Уже за час до начала экзамена маленький институтский дворик был полным полон поступающих. Иногородние ребята, на время сдачи заселенные в общагу, уже успели между собой перезнакомиться и держались четырьмя стайками: две стайки поэтов, две стайки прозаиков — по числу будущих семинаров. Они травили анекдоты и всячески подбадривали друг друга. Ребята из Москвы и области, а также немногочисленные критики, переводчики и драматурги страдали в одиночестве, озирались затравленно, много и нервно курили. Многим абитуриентам было явно за тридцать. И именно они находились в наибольшем напряжении. Но были среди поступающих и совсем еще юные, несерьезные создания, сразу после школы, наверное.

Я себе тоже сигарет купила. С ментолом. Первый раз в жизни.
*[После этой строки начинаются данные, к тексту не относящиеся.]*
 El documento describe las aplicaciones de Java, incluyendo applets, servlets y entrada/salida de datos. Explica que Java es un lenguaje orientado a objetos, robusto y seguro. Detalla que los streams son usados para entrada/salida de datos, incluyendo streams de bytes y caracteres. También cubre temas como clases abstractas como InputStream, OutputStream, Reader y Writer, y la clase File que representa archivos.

И даже не знаю зачем. Мне казалось, что я совершенно спокойна. На меня нахлынула странная апатия. Пыталась курить, кашляла с непривычки. Потом с двумя девчонками из Щелкова познакомилась. Оказалось, что мы на один семинар поступаем, как раз к тому господину в грязно-розовом пиджаке, который мне предложил «судьбу не искушать». Господин вышагивал тут же по двору в гордом одиночестве. Несмотря на то что было еще только половина десятого утра, взгляд его был мутным и нетрезвым, а походка не слишком уверенной. Девчонки мандражировали вовсю. Та, что повыше, Леночка, даже корвалол пила потихонечку.

— Да ладно вам, чего вы так боитесь-то? — недоумевала я.
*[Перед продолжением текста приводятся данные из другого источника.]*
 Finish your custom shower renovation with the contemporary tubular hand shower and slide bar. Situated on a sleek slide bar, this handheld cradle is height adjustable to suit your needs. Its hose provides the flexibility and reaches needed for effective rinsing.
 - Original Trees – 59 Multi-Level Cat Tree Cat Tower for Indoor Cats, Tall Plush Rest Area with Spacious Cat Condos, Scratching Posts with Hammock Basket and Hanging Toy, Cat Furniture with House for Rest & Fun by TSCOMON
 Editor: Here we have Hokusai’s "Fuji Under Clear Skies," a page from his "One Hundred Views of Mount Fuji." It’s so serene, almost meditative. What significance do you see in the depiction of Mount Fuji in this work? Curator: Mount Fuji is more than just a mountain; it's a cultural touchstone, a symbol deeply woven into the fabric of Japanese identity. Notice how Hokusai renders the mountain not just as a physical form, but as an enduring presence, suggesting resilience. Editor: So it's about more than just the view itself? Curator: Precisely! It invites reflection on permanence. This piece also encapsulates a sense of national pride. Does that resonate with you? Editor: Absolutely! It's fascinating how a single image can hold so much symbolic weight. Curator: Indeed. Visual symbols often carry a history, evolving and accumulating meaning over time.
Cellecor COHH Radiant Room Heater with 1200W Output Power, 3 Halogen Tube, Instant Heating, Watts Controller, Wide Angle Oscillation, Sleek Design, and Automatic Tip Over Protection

— Мы уже третий год поступать собираемся, — ответила Леночкина подруга, — только Леночка все боялась документы подавать — вдруг конкурс не пройдем. А теперь вот прошли. И она теперь еще сильнее боится. Ей друг какой-то рассказывал, как он тут в прошлом году этюд писал. И завалился. На «Приключениях майского жука». Хотя он — прозаик.

— Это тут такие темы? Про майских жуков?

— Тут и похлеще бывает. Еще, он говорил, была тема «Пушкин в Париже».

— А Пушкин разве был в Париже?

— Вот именно. Этот институт — гиблое место.

— А вы давно стихи пишете?

— Ага. Мы в Щелкове у себя уже пять лет в литобъединение ходим. А ты ходила куда-нибудь?

— Нет. Я вообще сюда случайно попала, — ответила я и, чтобы скоротать время и отвлечься, рассказала им историю про график стихотворения «Парус». Посмеялись. А тут и время подошло по аудиториям расходиться. Наш мастер встал посреди двора и зычным голосом провозгласил: «Шестая аудитория, корпус дневного отделения», и мы гуськом потянулись за ним, было нас человек двадцать.

Густая августовская духота разливалась по аудитории номер шесть, что в корпусе дневного отделения, и шум улицы не мог пробиться через двойные, наглухо закрытые рамы. Беззвучно шагали за окнами прохожие, катились куда-то беззвучные автомобили, и беззвучные тополя перебирали пыльными листьями, касаясь пыльных стекол. Солнце, укрытое соседними домами и тополями, не проникало сюда, и только единственный косой треугольник канареечного света, заблудший солнечный зайчик, колыхался на второй парте в ряду у окна.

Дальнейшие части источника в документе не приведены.